SQL> SELECT / * Rule * / * from TMP_EMP T where exists (Select Null from Scott.emp e Where t.ename = e.ename);
Empno ename Job Mgr Hiredate Sal Comm Deptno
---------- ------------------------- --- ---------- ---------- ----------
7369 Smith Clerk 7902 17-December -80 800 20
7788 Scott Analyst 7566 19- April-87 3000 20
Implementation plan
-------------------------------------------------- ------------
0 Select Statement Optimizer = HINT: RULE
1 0 Filter
2 1 Table Access (Full) of 'TMP_EMP' (Table) 3 1 Table Access (Full) Of 'EMP' (Table)
Use RBO to be different!
SQL> SELECT T. * From Tmp_EMP T, Scott.emp e where t.ename = E.ename;
Empno ename Job Mgr Hiredate Sal Comm Deptno
---------- ------------------------- --- ---------- ---------- ----------
7369 Smith Clerk 7902 17-December -80 800 20
7788 Scott Analyst 7566 19- April-87 3000 20
Implementation plan
-------------------------------------------------- ------------
0 Select Statement Optimizer = All_Rows (COST = 5 Card = 2 Bytes = 88)
1 0 NESTED LOOPS (COST = 5 Card = 2 Bytes = 88)
2 1 Table Access (Full) of 'EMP' (COST = 3 Card = 14 bytes = 70)
3 1 Table Access (by index rowid) of 'tmp_emp' (table) (COST = 1 card = 1 bytes = 39)
4 3 Index (Unique Scan) of 'PK_TMPEMP' (INDEX (COST = 0 Card = 1)

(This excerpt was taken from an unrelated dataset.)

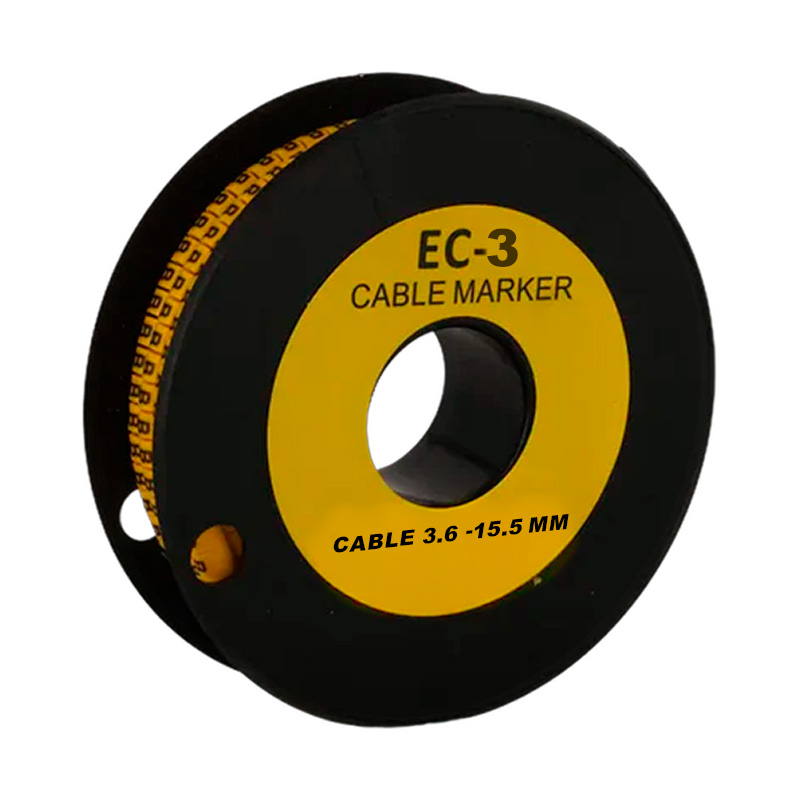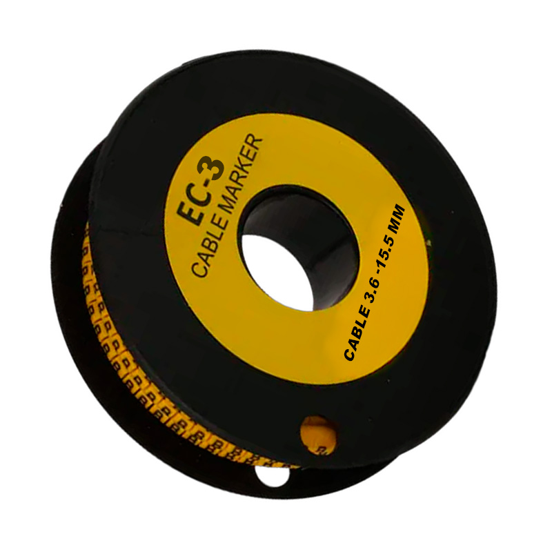 Marcador tipo aro EC-3 letra (K), diseñado para identificar de forma clara y ordenada cables con un diámetro de 3.6 a 15.5 mm. Fabricado en material plástico flexible y resistente al desgaste, aceite, humedad y temperaturas elevadas. Su color amarillo brillante garantiza alta visibilidad, y la impresión de la letra “K” permite una codificación efectiva en instalaciones eléctricas e industriales. Se presenta en rollo de 350 unidades, ideal para trabajos continuos y profesionales.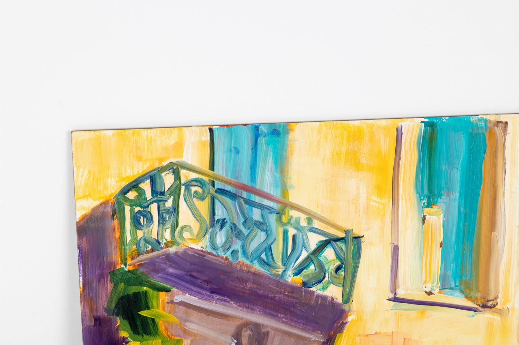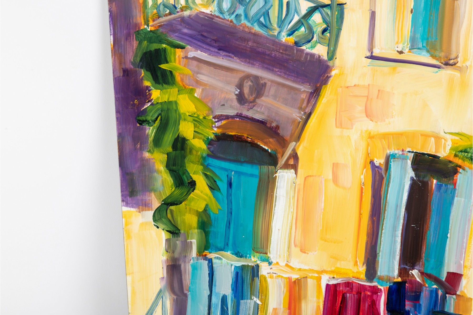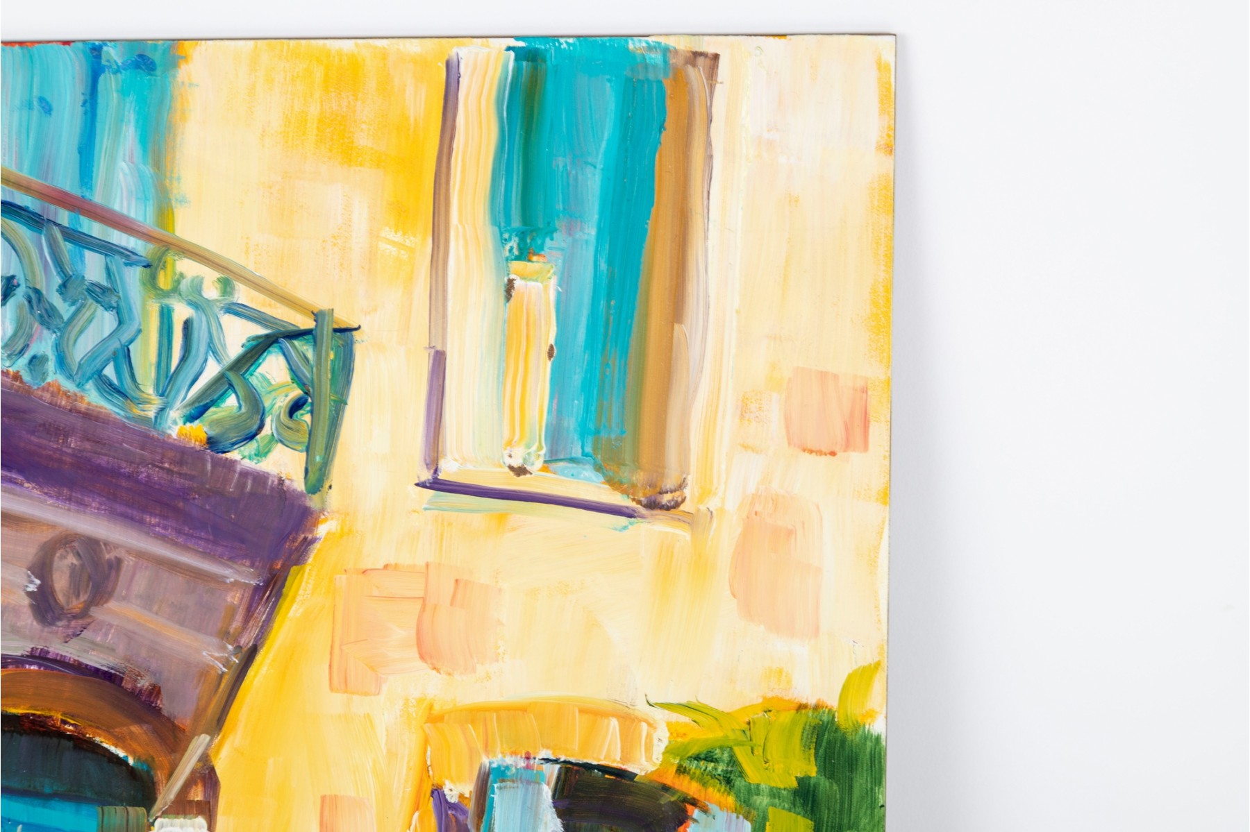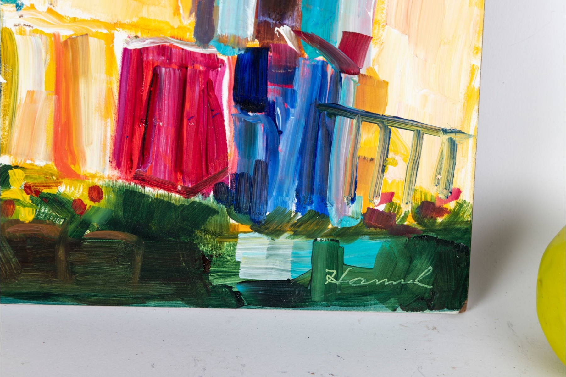 An lovely oil n art board painting by contemporary American artist Hannah Cole Buie (B. 1955), depicting a charming sunlit street scene in Brantôme, a picturesque village in southwestern France -- displaying a balcony front with hanging laundry. The artwork is presented without a frame.

This seems to be in CBO, inin, in, exists is likely to get the same execution plan (more cases no test), the optimizer will find the same semantics of the three; in the earlier RBO Under Exists uses Filter and IN is equivalent to the relationship between subqueries first Distinct, the internal association is directly related to it.

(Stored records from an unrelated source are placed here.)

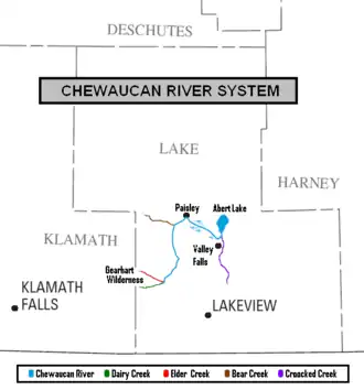 The Chewaucan flows for 53 miles (85 km) through Lake County, Oregon.[4] The sources of the Chewaucan are Elder Creek and Dairy Creek. Both have their headwaters in the east drainage of Gearhart Mountain Wilderness. The Chewaucan is the result of their merger east of the Gearhart Mountain Wilderness near Dairy Point. From there, the Chewaucan flows north through the Fremont-Winema National Forests, where waters from Ben Young Creek, Coffeepot Creek, Antelope Springs, Corral Creek, Dog Creek, Sage Hen Creek, Bear Creek, and Mill Creek flow into it before the river passes out of the forest near Paisley.[6]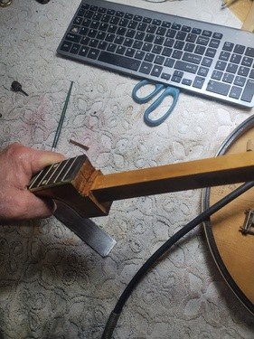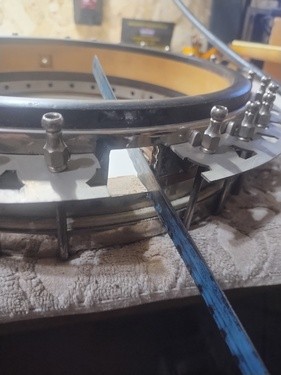 Lower than tone ring, creates "sdlap" when played down the neck.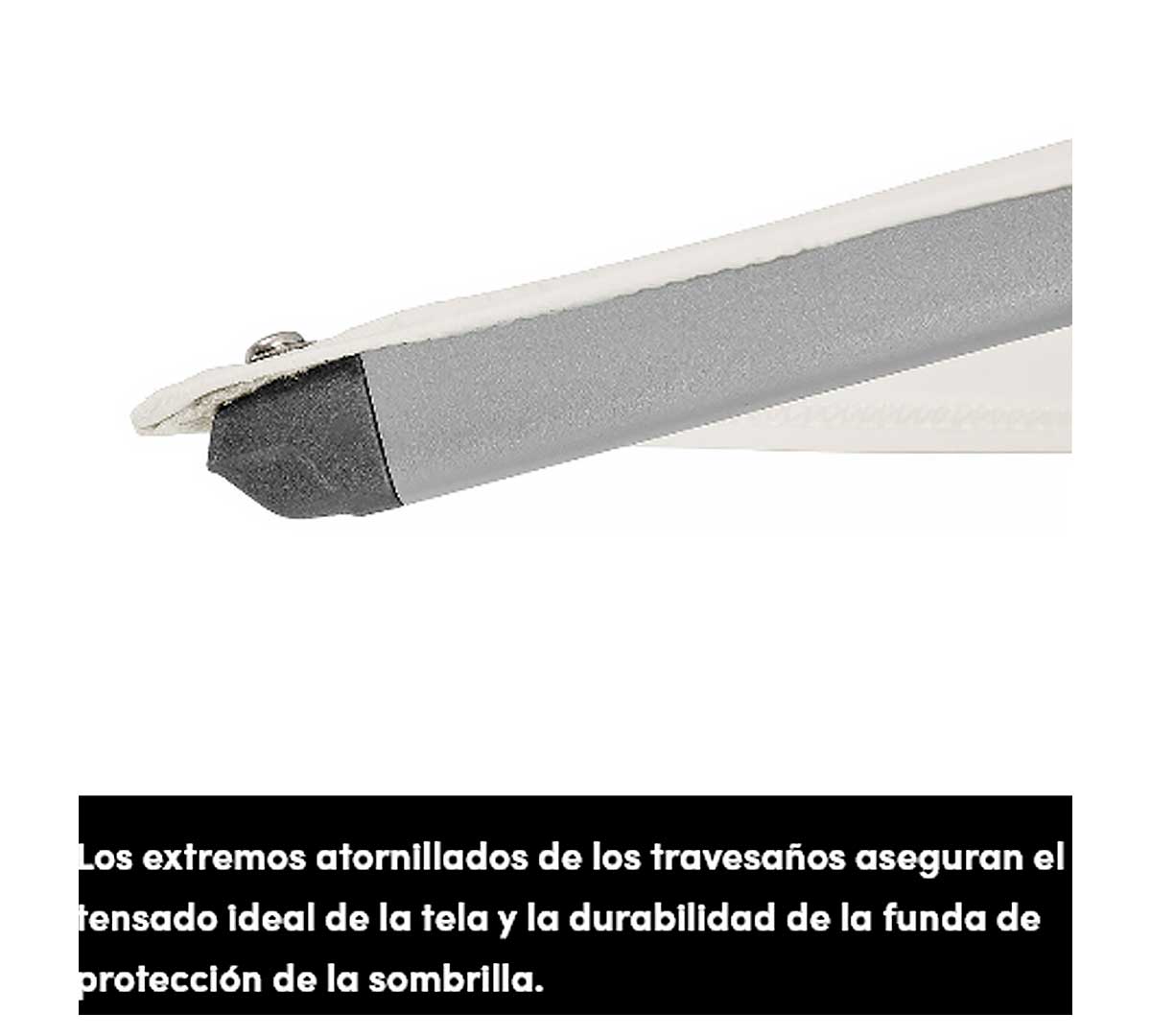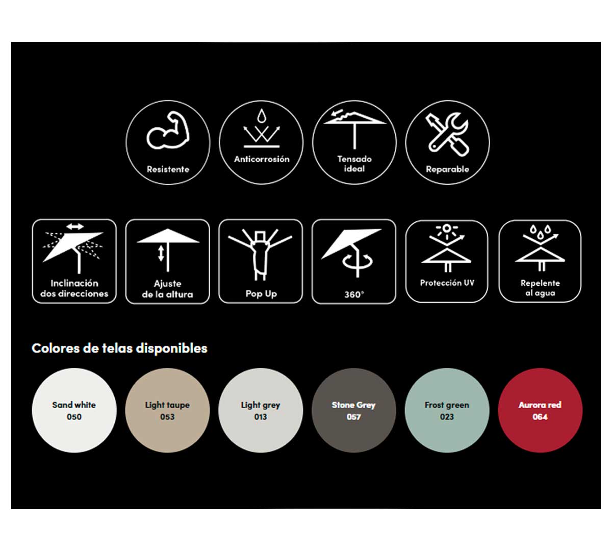 Este parasol gira 360º sobre su base, permitiendo ajustar la orientación según la posición del sol sin necesidad de mover la base, lo cual es muy práctico en espacios exteriores expuestos al sol.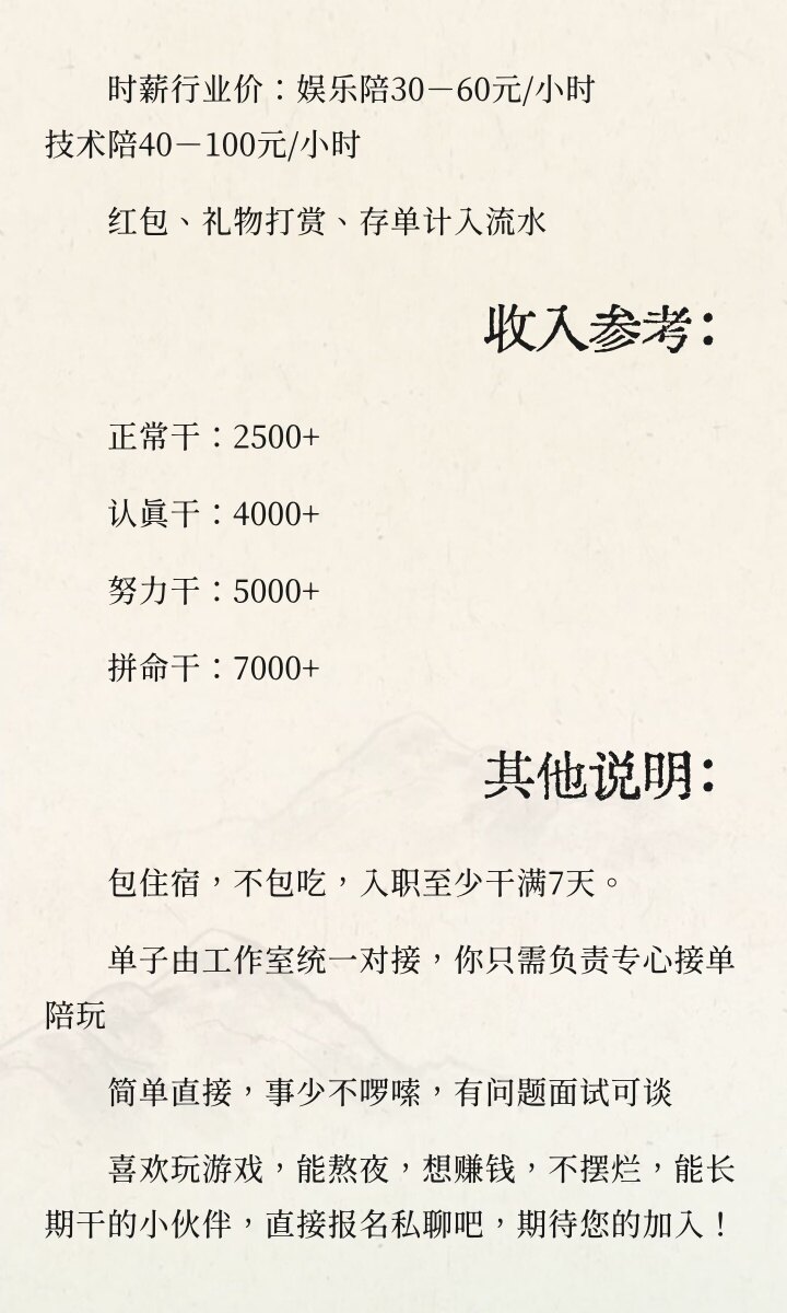 无底薪,打手流水与工作室分成(10000以下五五,10000及以上七三),次月15号结算

Tom said in his latest reply:
Use the rbo and see what you see. Way Back When I wrote this, That Was the "more popular" of the two perhaps
Today In 2005, What I Said Years Ago Using The RBO Does Not Apply to the Cbo. The CBO IS SMART ENOUGH To Recognize There Two Things Are Effectively The Same.

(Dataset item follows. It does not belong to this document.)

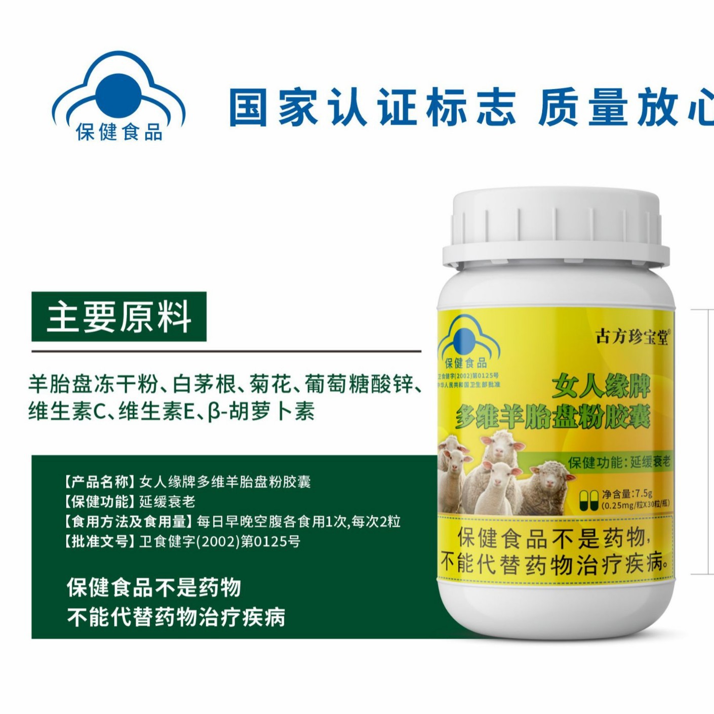 定制+女人缘牌多维羊胎盘粉胶囊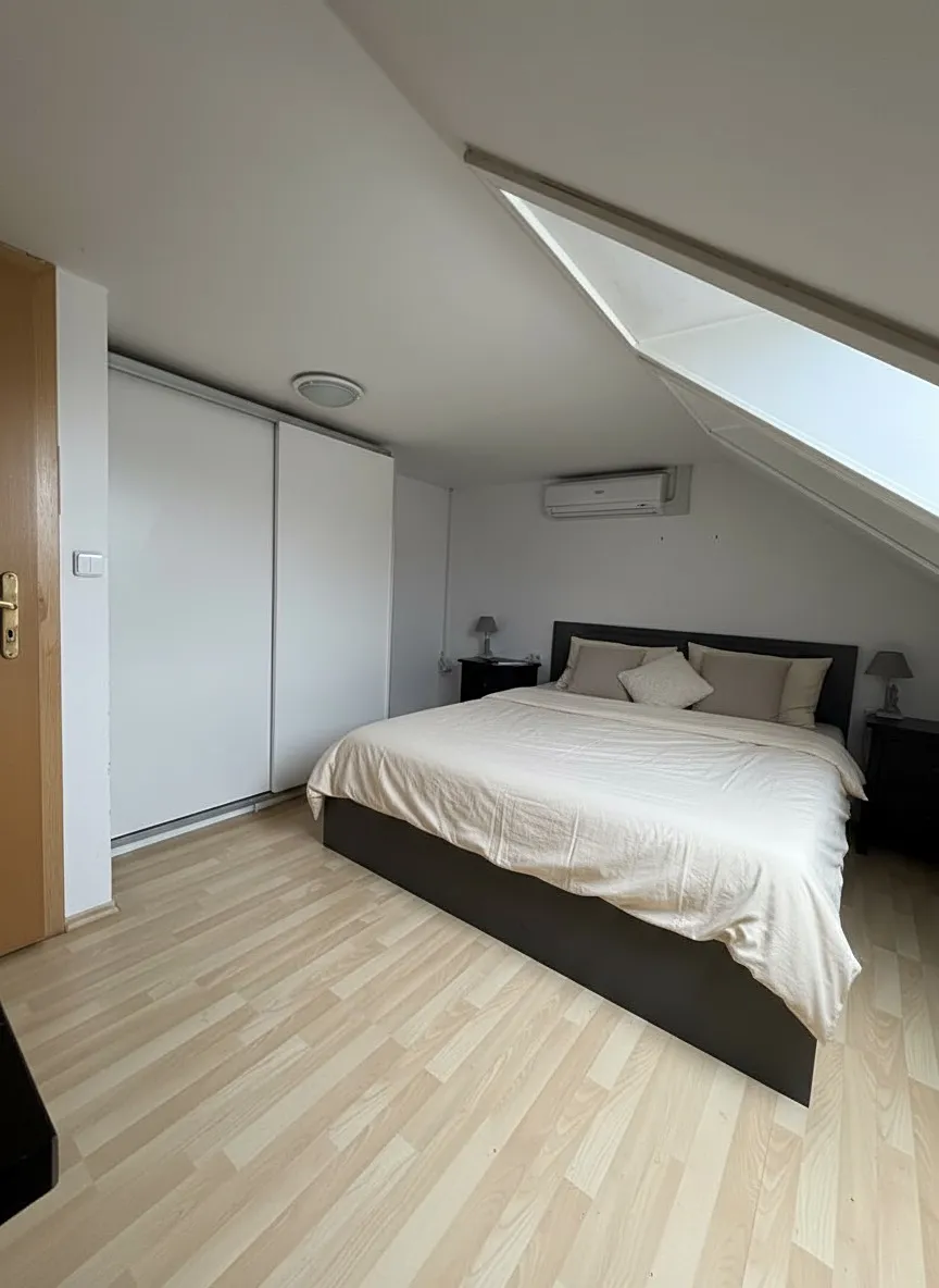 Dispozice bytu je 3+kk. Chodba, kuchyňský kout spojen s obývacím pokojem, dětský pokoj, v mezipatře ložnice s klimatizací, samostatné WC, koupelna s vanou.

IN is equivalent to the child's first Distinct, this is really not easy, why is RBO doing this? There is no general, my personal understanding is when I think in IN is a list of the list of values. Of course, I will first calculate the value first, then NL is OK, if the back is the value in a table later, It may be treated as it; and maybe mostly the use of the son query on the outer query, that is, the outer layer is large, and the return value of the subquery is less. Look at different implementation plans for different situations, Oracle does still spend some minds in CBO, Herce. Conclusion: Under RBO, use IN or exists needs to be determined, as long as you remember
Use IN presence and Distinct this step should not be difficult to judge; CBO's optimizer will choose for you, how to write is just habits.